A member of the Connecticut state legislature and her partner became the first same-sex couple to legally marry in the US state this morning.
State Representative Beth Bye and Tracey Wilson exchanged vows half an hour after Superior Court Judge Jonathan E. Silbert signed an order granting marriage licences to gay and lesbian couples.
“I think for us, we really were married three years ago in our church,” Ms Bye said. “But it feels different that our state is saying, ‘now you’re married.
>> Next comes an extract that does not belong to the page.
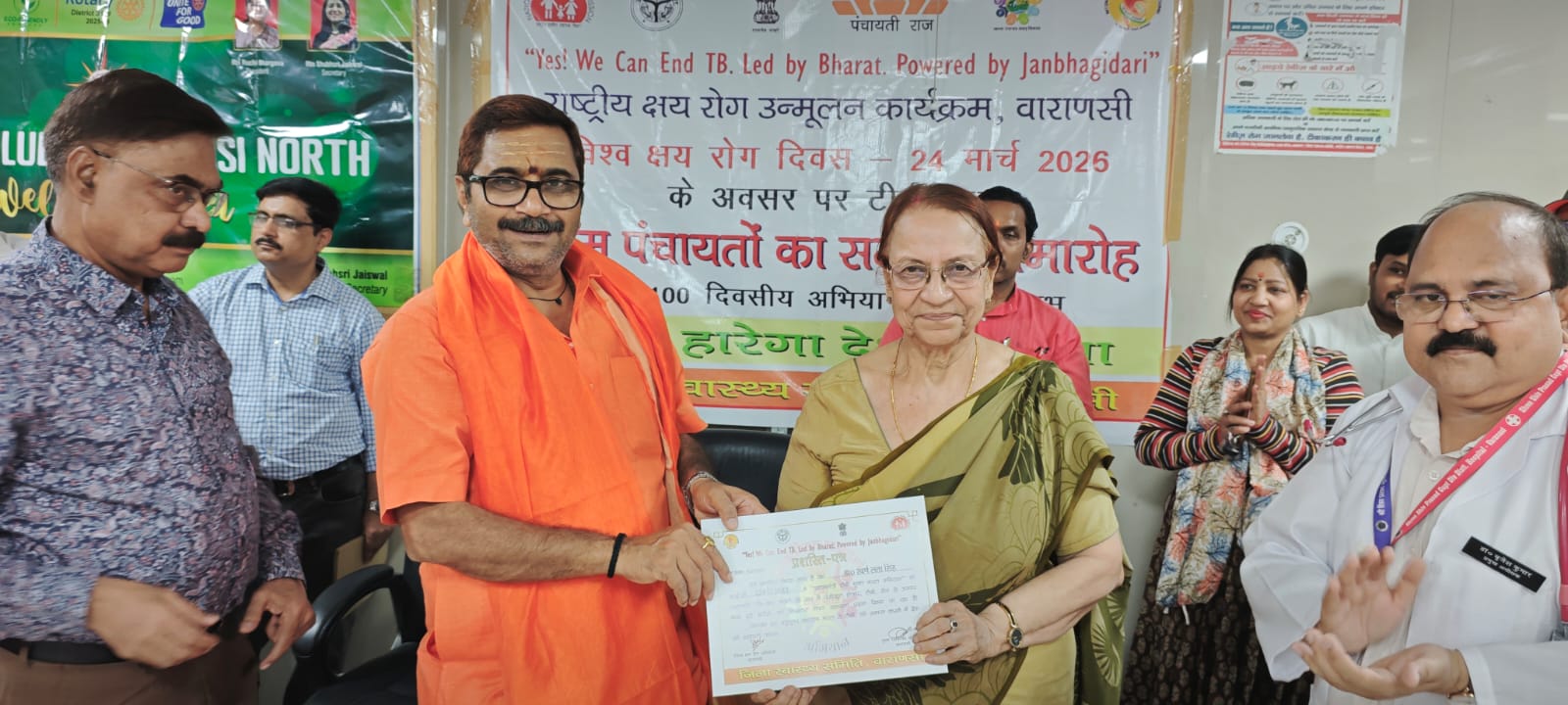 वाराणसी। विश्व टीबी दिवस के अवसर पर मंगलवार को वाराणसी के कबीर चौरा स्थित मंडलीय चिकित्सालय में एक भव्य जागरूकता कार्यक्रम का आयोजन किया गया। जिसमें टीबी मुक्त अभियान में जनपद वाराणसी ने स्वास्थ्य एवं सामाजिक जागरूकता के क्षेत्र में एक उल्लेखनीय उपलब्धि हासिल किया है।ट्यूबरकुलोसिस (टीबी) उन्मूलन की दिशा में चल रहे अभियान के अंतर्गत जिले की कुल 694 ग्राम पंचायतों में से 387 ग्राम पंचायतों को टीबी मुक्त घोषित किया गया है।

You have the same rights as everyone else.'”
The Supreme Court of Connecticut overturned a ban on gay marriage last month, ruling that stopping same-sex partners from marrying was a violation of their constitutional rights.
Republican state Governor Jodi Rell said that although she disagreed with the judgement, she would uphold it.
“I do not believe their voice reflects the majority of the people of Connecticut,” she said.
“However, I am also firmly convinced that attempts to reverse this decision, either legislatively or by amending the state Constitution, will not meet with success.”
The judgement followed a case that began four years ago when eight same-sex couples sued the state arguing that by not allowing them to marry, the state discriminated against them in volitional of their constitutional rights.
The majority 4-3 opinion said that the “segregation of heterosexual and homosexual couples into separate institutions constitutes a cognisable harm.”
In the courtroom today were the eight plaintiff couples who started the case in August 2004 – Beth Kerrigan and Jody Mock, Suzanne and Geraldine Artis with their three sons, Jeffrey Busch and Stephen Davis, Barbara and Robin Levine-Ritterman, John Anderson and Garrett Stack, Janet Peck and Carol Conklin, J.E. Martin and Denise Howard, and Damaris Navarro and Gloria Searson.
Many became teary-eyed as the judgment was entered.
After the court proceedings, three of the couples – the Levine-Rittermans, Ms. Searson and Ms. Navarro, and Ms. Kerrigan and Ms. Mock – proceeded to their town halls to apply for marriage licences. All eight couples are making plans to get married within the next year.
Lee Swislow, Executive Director of Gay and Lesbian Advocates and Defenders, who brought the case to court, said:
“So many people have worked long and hard to make this a reality.
“We congratulate them all, and give special thanks to our plaintiff couples. After four years of giving their all, they will finally be able to say ‘I do’ to the person they love.”
Gay marriage was banned in California on November 4th after voters approved a ballot proposition that aims to change the state constitution to define marriage as between a man and a woman.
Proposition 8 was put to Californians after the state Supreme Court ruled in May that gay and lesbian couples have the right to marry.
An estimated 18,000 same-sex couples got married in California between June and November. Their marriages are still legal. Prop 8 faces a range of legal challenges in the state Supreme Court.
Californian gay and lesbian couples can still register domestic partnerships.